Only the tail of the listing is wanted: the line containing "不过比较可惜的是,目前苹果直" and all after it, repeated exactly, pictures omitted.

=-=-=-=-=

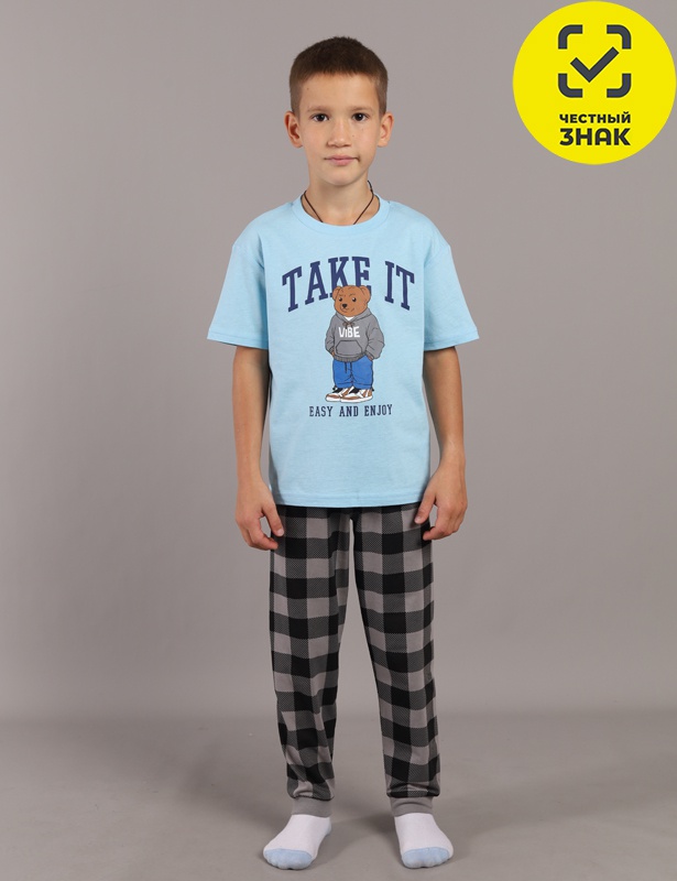 Пижама для мальчика: футболка и брюки из мягкого трикотажа. Футболка с коротким рукавом, горловина круглая из рибаны. На полочке выполнена шелкография . Брюки с поясом на резинке и манжетами по низу из рибаны.
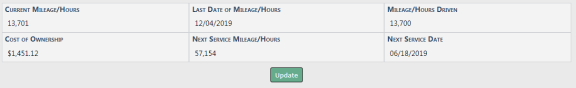 | • | The Current Mileage/Hours and Miles/Hours Used fields are both read-only. |
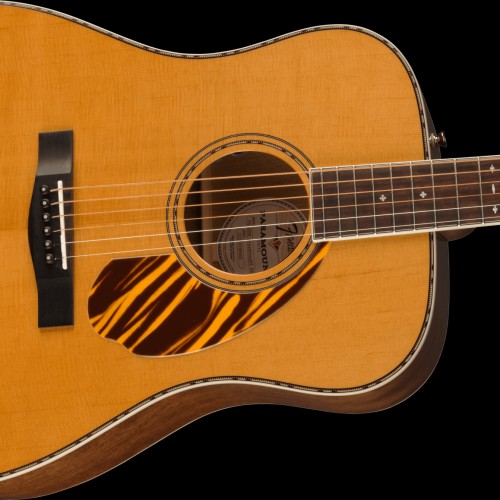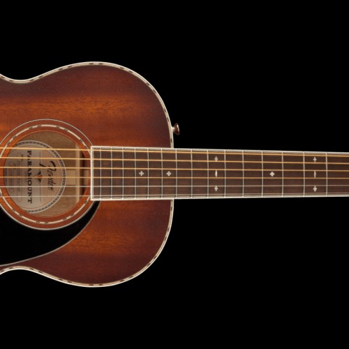 The Paramount PD-220E combines state-of-the-art craftsmanship with vintage-inspired appointments, delivering the best of both worlds. Built with the choice of a solid spruce or solid mahogany top paired with solid mahogany back and sides, the PD-220E features an offset X-bracing pattern that has been carefully refined to optimize resonance and tone. A brand-new Fender and Fishman®-designed Sonitone Plus pickup amplifies the full, balanced tone of the PD-220E’s dreadnought body shape, while the soundhole-mounted controls preserve the vintage aesthetics. Under the top, a body-sensing pickup enhances the soundboard’s vibrations which can then be blended with the undersaddle Sonicore pickup.
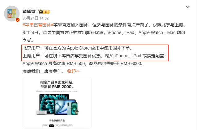 不过比较可惜的是,目前苹果直营国补仅支持北京及上海两地参加,其他地区暂时未开放。不过有一说一,其实iPhone16即使加入了国补,在同级产品中也不算是有啥吸引力了。
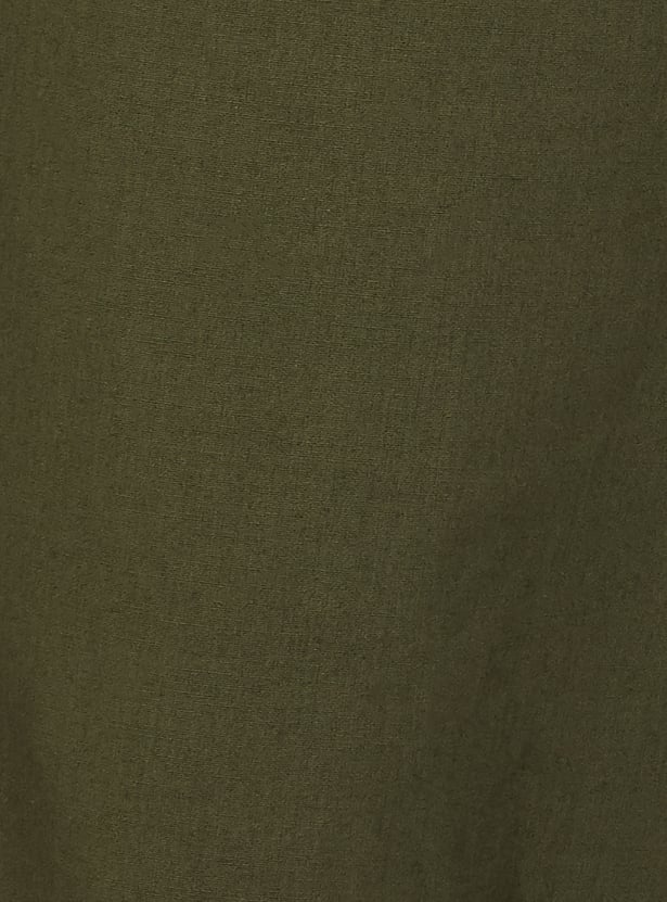 Flaunt your elegance with this pair of palazzos, featuring a tie-up belt, elasticized waist, pockets and a solid surface. The flowy silhouette ensures comfort while keeping you stylish all day long.

=-=-=-=-=

OUTPUT FOR THIS TASK -
 不过比较可惜的是,目前苹果直营国补仅支持北京及上海两地参加,其他地区暂时未开放。不过有一说一,其实iPhone16即使加入了国补,在同级产品中也不算是有啥吸引力了。
 Flaunt your elegance with this pair of palazzos, featuring a tie-up belt, elasticized waist, pockets and a solid surface. The flowy silhouette ensures comfort while keeping you stylish all day long.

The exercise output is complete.